Air-Fuel Ratio Attainment Means (AFRAM): The AFRAM is a device wherein the proportions of the fuel and the combustion air can be set so as to provide a combustible mixture. The AFRAM can have control means such as valves for active control of the proportion of the fuel and air. Alternately, the AFRAM could have fuel and air inlet ports which are pre-designed to allow the desired quantities of fuel and air into the AFRAM.
Air-Fuel Mixing Means (AFMM): The AFMM is a device wherein the fuel and air from the AFRAM are well mixed to sustain combustion in the RCZ. The AFMM could be a simple plenum or could be more elaborately designed with mixing vanes and other elements, both static or moving, to facilitate thorough mixing of the fuel and air.
Combustion Initiation Means (CIM): is any device such as a spark igniter, pilot flame, glow igniter or other device suitably positioned to initiate the combustion process in the RCZ.
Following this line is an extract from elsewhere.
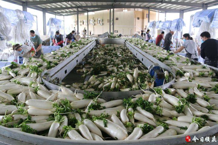 ▲渔溪镇蔬菜基地正在清洗萝卜装车

Described herein is a burner which is capable of producing zero NOx and zero CO by passing a thoroughly mixed stream of air and fuel at an appropriate air/fuel ratio to maintain a temperature below the NOx forming threshold through a radiant combustion zone. During operation, the radiant combustion zone provides the intense radiant energy required to initiate and complete the non-surface combustion process. The temperature in the RCZ is controlled by the Air Fuel ratio which can be adjusted to attain low NOx and further zero NOx. The combustion temperature can be directly controlled with a suitable Air Fuel ratio. Increasing the excess air reduces the combustion temperature. This reduction in combustion temperature reduces the thermal NOx that is formed by the reaction of nitrogen with oxygen that normally takes place at the higher combustion temperatures of a conventional burner. Further the oxidation reaction does not produce carbon-monoxide and there is complete oxidation of the hydrocarbons to carbon-dioxide and water. The air and fuel provide the heat energy to keep the radiant combustion zone hot. The non-surface combustion according to this method is flameless and is capable of low NOx or no-NOx operation.
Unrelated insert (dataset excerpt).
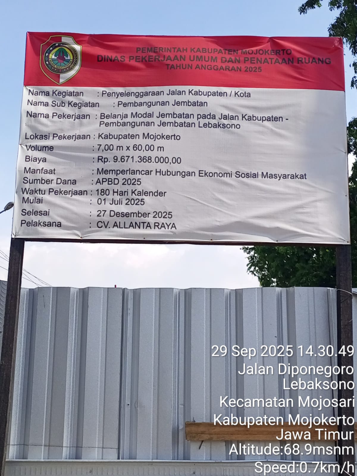 Mojokerto,Ankasapost.Id 29 September 2025 – Proses pembangunan jembatan strategis yang berlokasi di Desa Lebaksono, Kabupaten Mojokerto resmi berjalan sejak tanggal 1 Juli 2025. Pekerjaan ini merupakan bagian dari program Penyelenggaraan Jalan Kabupaten/Kota, dengan sub kegiatan Pembangunan Jembatan, yang dibiayai melalui Anggaran Pendapatan dan Belanja Daerah (APBD) Tahun 2025, dengan total biaya sebesar Rp 9.671.368.000,00.

AFRAM 110 is configured as a Y-branched flow passage which has a larger flow passage 112 for the flow of the combustion air into AFRAM 110 and a smaller flow passage 114 for the flow of the fuel into AFRAM 110. Control means 112c is provided in flow passage 112 for the control of the quantity of combustion air that can enter AFRAM 110. Control means 112c could be a valve such as a butterfly valve, or a slide-gate valve, or any other manually or automatically activated fluid flow control device. A similar control means 114c is provided in flow passage 114 for the control of the quantity of fuel that can enter AFRAM 110. It is not necessary that active flow control elements be used as control means 112c and 114c. The control of fuel and air could be achieved by designing the dimensions and inlets of passages 112 and 114 so that pre-determined quantities of air and fuel are passively drawn into AFRAM 110. Thus AFRAM 110 is a means to attain the required quantities of fuel and air into burner 100. A volumetric Air to Fuel ratio (with natural gas as the fuel) in the range of 10 to 22 is sufficient to enable sustained combustion of the Fuel Air Mixture (FAM). The exact air-fuel ratio chosen for a particular application will be determined to attain the desired level of NOx or zero NOx and to meet other operating requirements as is well known in the art. For example, boiler operators may choose to operate with lower excess air to produce a low level of NOx within regulations while maximizing heating efficiency.
The two flow passages 112 and 114 of AFRAM 110 merge into a single outlet flow passage 116. During the operation of burner 100, fuel is drawn through inlet 114i in flow passage 114 and through control means 114c. The fuel mixes with air which is drawn through inlet 112i in flow passage 112 and through control means 112c. The fuel air mixture flows into outlet flow passage 116 from where it exits into AFMM 120 wherein it is mixed thoroughly.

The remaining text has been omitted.